И последним предметом оказалась грязная, затёртая, пожелтевшая тетрадь. На первом листе было написано: «Адэский11
Здесь и далее правописание отдельных слов намеренно искажено с целью придания лексической колоритности языку повествования.
[Закрыть] Жора. МАГЛАГ».
В момент, когда я впивался глазищами то в карту, то в тетрадь, при этом держа в руке этот странный «знак плюс», моё ухо было захвачено в плен пиратскими костлявыми пальцами деда.
– Уй-уй-уй! – заскулил я, пойманный на месте преступления.
– Ах ты ж, стервец, это ж кто тебе позволил шарить у меня в столе?!
– Никто, деда, я сам!
– Ах, сам, говоришь! Где ключ взял?
– Какой ключ?
– Не, ну ты поглянь на этого пострелыша! «Какой ключ» – от стола!
– Нет у меня никакого ключа, ты сам стол не закрыл! – скулил я жалобно.
– А ты, значит, и момента не упустил, да?
– Ну так ведь интересно же, деда!
– Не, ну ты глянь, прям я в молодости! – хватка дедовых клешней-пальцев ослабла, и голос помягчел.
– Давай, слаживай всё на место и дуй в угол!
В ларец вернулась карта, тетрадь, а вот «плюсик» уж больно мне пришёлся по вкусу. Я зажал его в ладошке в надежде, что дед его не заметит.
– Так, пострел, где крестик?
– Какой крестик? – я попытался изобразить удивление.
– Какой? Такой! А ну покаж руки.
Я вытянул перед собой кулаки и разжал их.
– Не, ну я в молодости, точно! Марш в угол, заноза, и чтоб об увиденном никому ни слова. Ты понял меня, Сёмка?
– Понял, понял! – сказал я, а самого сверлило любопытство. Простояв в углу минут пять, решил идти на абордаж.
– Дед, если ты меня не выпустишь из угла и не расскажешь, что это такое и что значит «Адэский Жора. МАГЛАГ», я всё расскажу бате с мамкой!
– Ах ты ж, хлыщ кручёный! Прям так и расскажешь? Ну а если это не моя тайна, а чужая, как мне тебе её можно рассказать? Лучше давай я расскажу тебе одну историю – интересней, чем эта тайна! – деда Жора попытался со мной поторговаться.
«Так, чужую тайну деда не расскажет, – да я бы тоже не рассказал, – тогда надо соглашаться на историю», – подумал я.
– Ладно, давай историю рассказывай.
– Э не!
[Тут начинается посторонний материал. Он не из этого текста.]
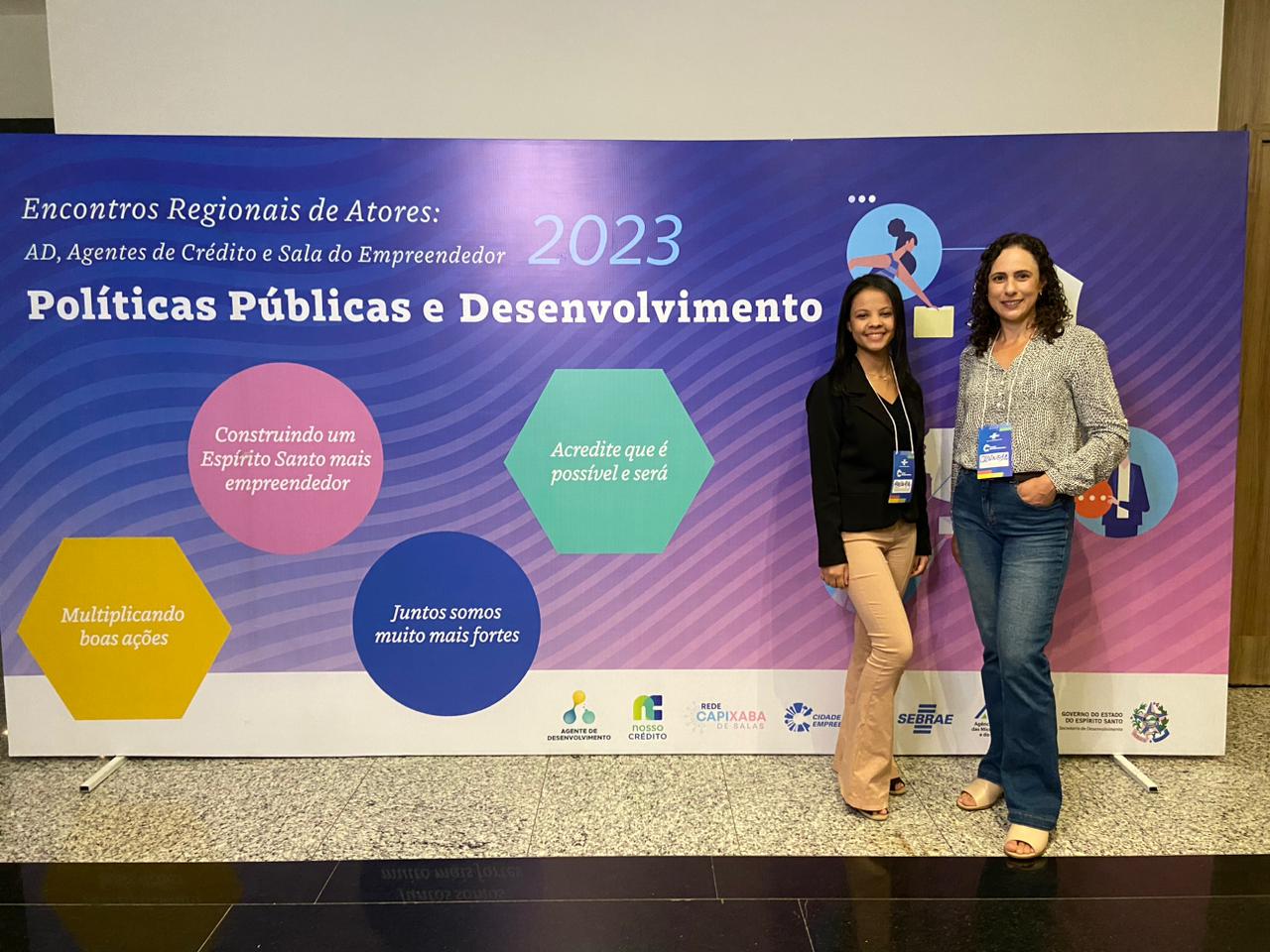 Nesta segunda (19) e terça-feira (20), secretária municipal de Finanças, Cidineia Falchetto e a auxiliar administrativo e agente de desenvolvimento, Maiara Gonçalves, estão participando dos Encontros Regionais de Atores 2023, que reúnem representantes municipais dos agentes de desenvolvimento e da sala do empreendedor. No encontro estão sendo abordados pontos para identificar as políticas públicas municipais que serão implantadas para melhorar o ambiente de negócio no Município.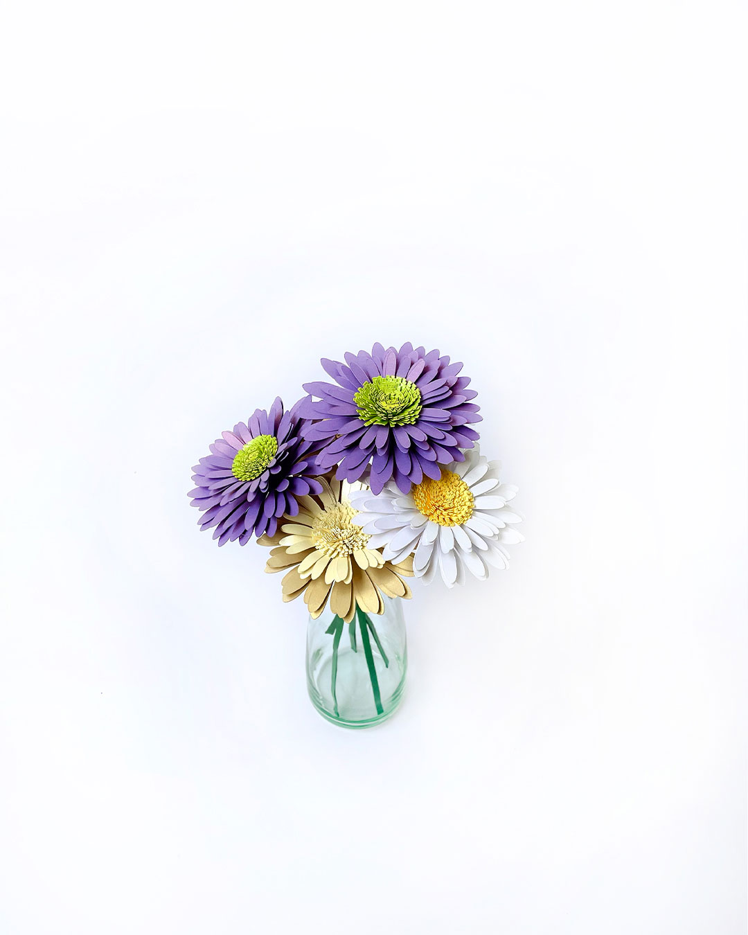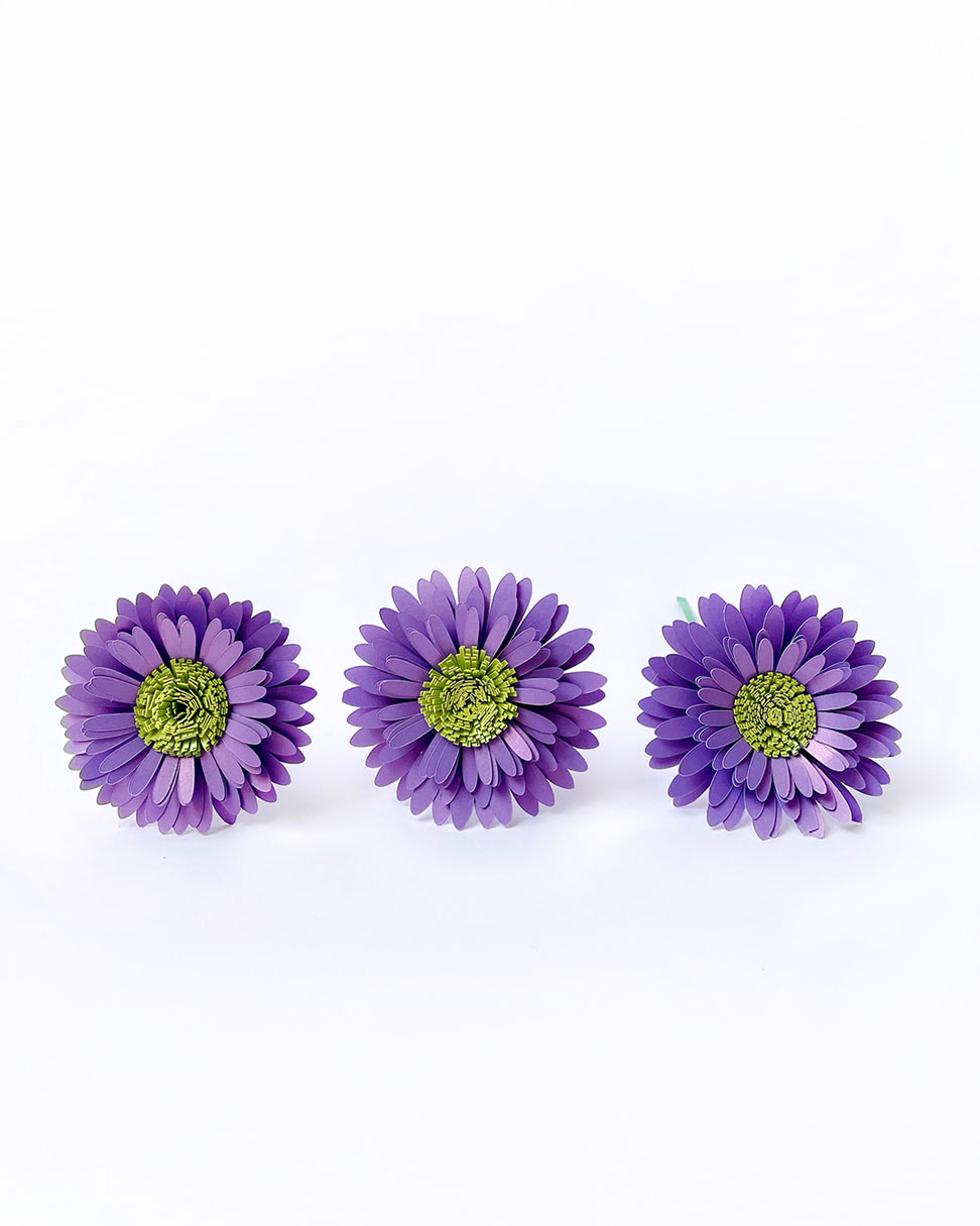 Este kit incluye todo lo que necesitas para crear tres margaritas Moradas en papel, perfectas para darle un toque delicado y natural a tus espacios.

Расскажу, но не сегодня.
– Когда же?
– Вот завтра родители уедут в деревню, тогда и расскажу!
– А что, сейчас нельзя? Это тайная история, да?
– Да, Сёмка, очень тайная.
На следующий день не успели родители уйти за дверь, как я подступился к деду.
– Деда, давай рассказывай тайную историю!
Он хмыкнул, разгладил усы и начал рассказ.
Дед рассказывал, страшно вращая глазами, раздувал щёки, топорщил усы. Я же поначалу обратился весь во внимание, даже уши стали топорщиться. И тут я сообразил.
– Деда, да ты чего? Это же сказка! Где рассказ, который ты мне обещал? – подступил я к дедову горлу «с ножом». – Хочешь обмануть меня, да? Думаешь, я маленький, ничегошеньки не понимаю? Эх ты, деда… – слёзные нотки появились в моём голосе.
– Ну если ты взрослый, тогда ладно – я расскажу, а ты потом скажешь мне, что же ты понял из моего рассказа. И решим, можно ли кому-нибудь ещё поведать этот тайный рассказ или нет.
Я опять обернулся в одно большое ухо.
– Есть одна удивительная страна, зовётся она теперь Колыма. Там девять месяцев зима, а остальное – лето.
– Дед, ты опять?
– Да слушай – это правда. Это так далеко – на краю мира. Туда можно было попасть во времена моей молодости только на каком-нибудь ржавом корыте, которое считалось судном, либо на барже, толкаемой сухогрузом. Вот на такой барже-судне и попали туда люди, о которых я буду рассказывать.
– Деда, а самолёты? На них же быстрей!
– Самолёты для людей туда не летали. Ну вот. Набитые до отказа трюмы этих посудин разношёрстным живым грузом с Большой земли до места назначения добирались долго. Людей на палубу не выпускали, еды и пресной воды практически не было, из-за чего были раздоры и вспыхивали драки. Нужду справляли здесь же, где спали и ели. Грязь, вонь, инфекция и вши были тоже полноправными пассажирами. Люди мёрли, как травленые мухи. Мёртвых доставали из трюмов и выбрасывали в воду.
– Деда, а куда и зачем все эти люди ехали, почему они не взяли с собой еду и воду?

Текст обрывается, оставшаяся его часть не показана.